Debugging HTTP requests. When inspecting network traffic in browser DevTools, URLs in request logs are often percent-encoded. Decode them to read query parameters clearly.

File path encoding. File names with spaces or special characters in web URLs must be encoded. My Report (Final).pdf becomes My%20Report%20(Final).pdf — parentheses are safe in paths but encoded in query values.

What Are Common Encodings?

CharacterEncodedContext
Space%20All contexts
&%26Query values
=%3DQuery values
+%2BQuery values
#%23Query values
/%2FQuery values
?%3FQuery values
@%40Query values

Frequently Asked Questions

Is URL encoding the same as HTML encoding? No. HTML encoding (also called HTML entity encoding) replaces characters like <, >, and & with &lt;, &gt;, and &amp; for safe display in HTML. URL encoding is a separate standard for safe transmission in URLs. The two serve different purposes and should not be conflated.

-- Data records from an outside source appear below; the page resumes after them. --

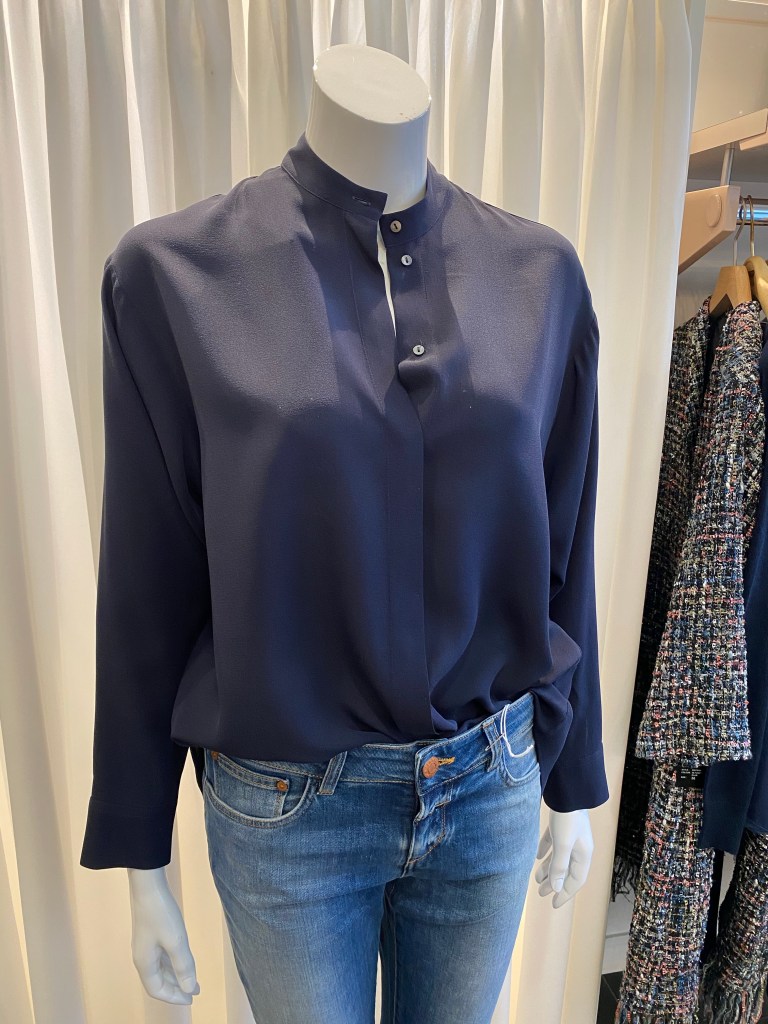 Schöne Ergänzung zu allen vorgestellten Teilen und dem halben Kleiderschrank ist die Seidenbluse von Artigiano € 159,00 statt € 319,00
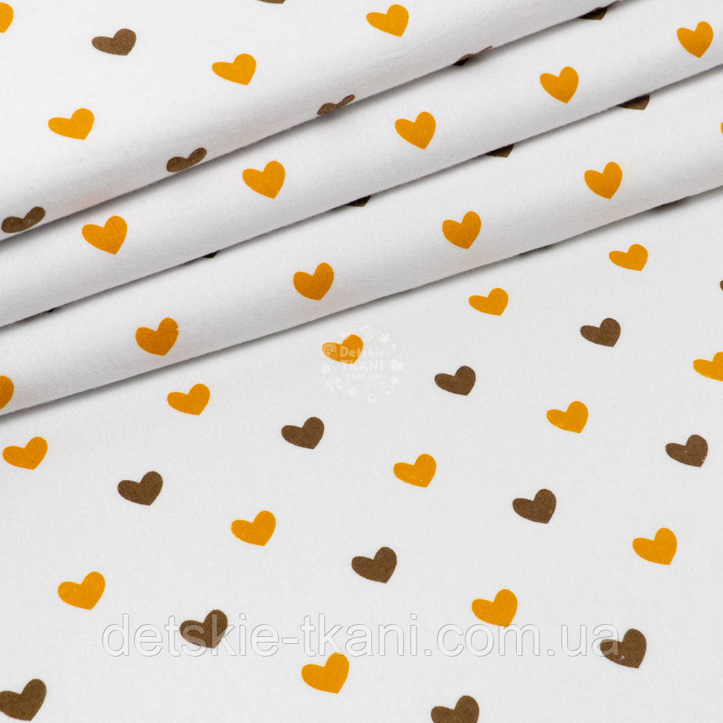 Фланель "Однакові сердечка" коричневі і гірчичні на білому, ширина 240 см
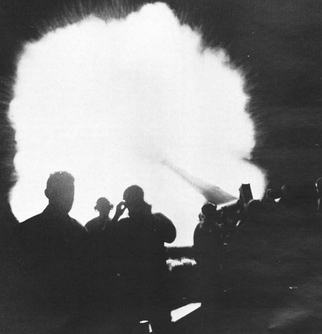 During the night of 2–3 August, U.S. artillery delivered many rounds of harassing and interdiction fire on the enemy in the north of Guam. Here, a blinding flash from a Long Tom lights up the dark Guam night as it joins other guns in the shelling.

Can I encode an entire JSON object for a query parameter? Yes. Serialize the JSON to a string with JSON.stringify(), then encode the result with encodeURIComponent. The encoded string can be used as a query parameter value. Decode and parse on the receiving end.

What if my URL is already partially encoded? Use the decode function first to bring it back to plain text, verify it looks correct, then re-encode cleanly. Applying encoding to an already-encoded string produces double-encoding (%2520 instead of %20).